Wednesday, August 11, 2010

I take it back

You know that feeling when your dreams  are floating about 500 miles above your head, and you grad your jetpack, throw it on and go after them, then right before you reach out and grab them the gas in your jetpack runs out and you fall back to earth feeling pathetic and heart-broken?... Well that's how I feel right now.

I had every hope set on  attending Marymount Manhattan College this fall, unfortunately life didn't want to work out my way. So as of August 30th, I'll be a student at ... it hurts to say... College of the Desert..... AKA Craphole of the Desert, AKA College of Despair -- shall I continue? I think you get the picture.
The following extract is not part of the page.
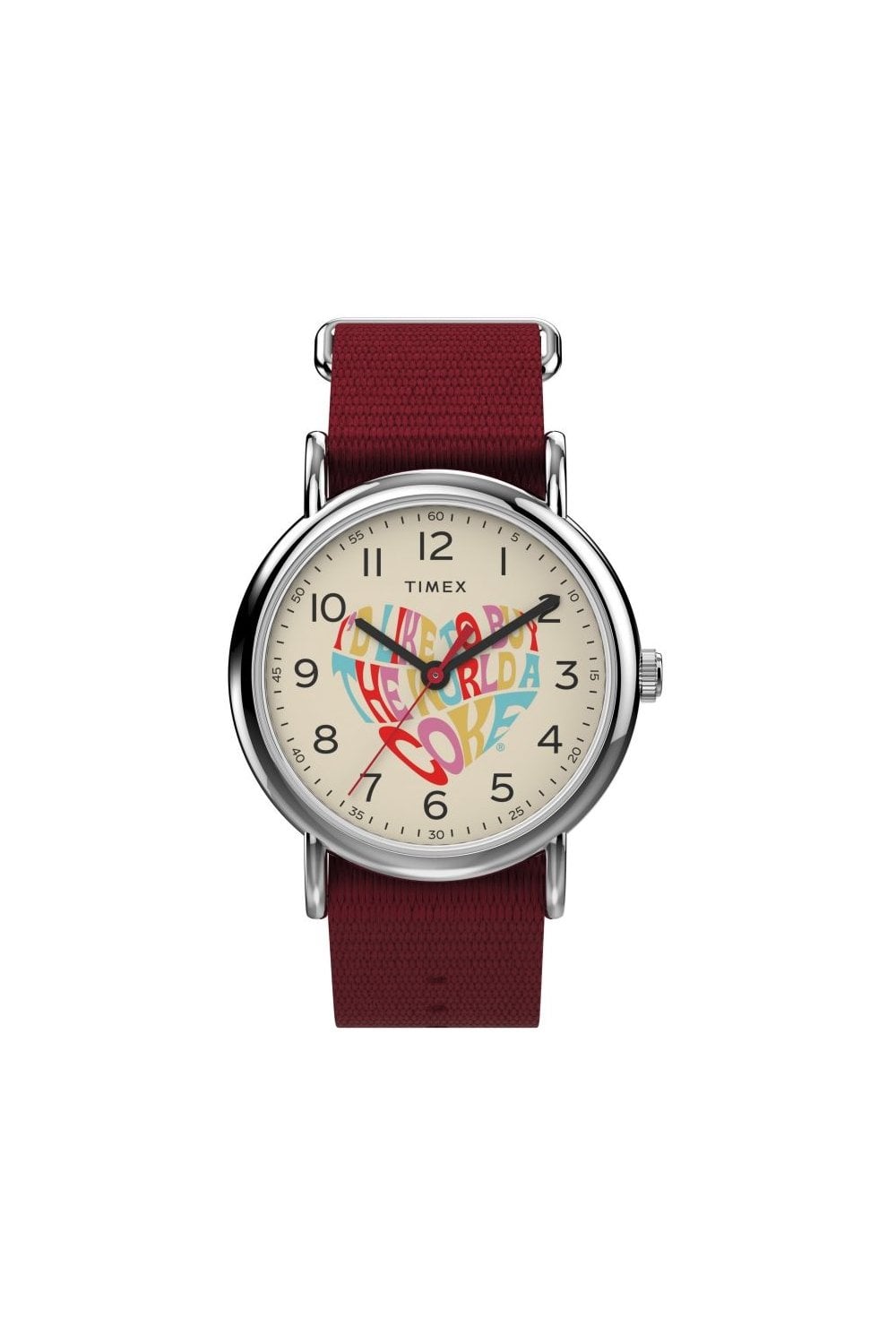 Add a stylish edge to your wrist with this Coca Cola collection quartz battery watch from Timex. Featuring a stunning analogue Cream face in a 40mm diameter 8mm thick case. Also boasting the well known Timex features, including Mineral Crystal, Push/Pull Crown and Water-Resistant. With a fabric standard length strap. This watch is water resistant up to 30 metres. It also come in it's own Gift Box making it the perfect present. All this with a 2 Year Manufacturers (International) warranty for added reassurance. Timex offer a beautiful collection of watches for men with many features and the build you come to expect from Timex.

I can't believe that after all this back and forth I'm ending up here. I got my own hopes up for nothing and I kind of resent myself for it. I should have known that nothing in life goes my way, why should this be any different? I'm trying not to be overly dramatic about this, last time I thought I had to go to COD I cried like a baby, this time I'll wait til I'm by myself.

I've come to realize that in life we just expect things to go our way, when in reality things very rarely go the way we'd like them to. Life's a bitch and then you die... I'm just now understanding that saying, and it's true.
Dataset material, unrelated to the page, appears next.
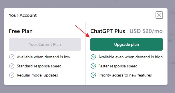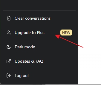 Sau khi đăng nhập thành công, chọn Upgrade to Plus

I know everyone tells me its only for a year and then you can transfer, but Marymount isn't getting any cheaper, why should I expect it to be more affordable in a year, or even two? I don't know... I guess I am being dramatic afterall, but it's what I do, that's why I act! If you don't like it stop reading... I'll love you just the same [only less ;-)]

~*kisses*~

1 comment:

  1. Don't worry, things will work out!! I know it's not shocking, but I had to go to community for two years before I could get money together for WMU. I know it doesn't make you feel better, but, I know how you feel!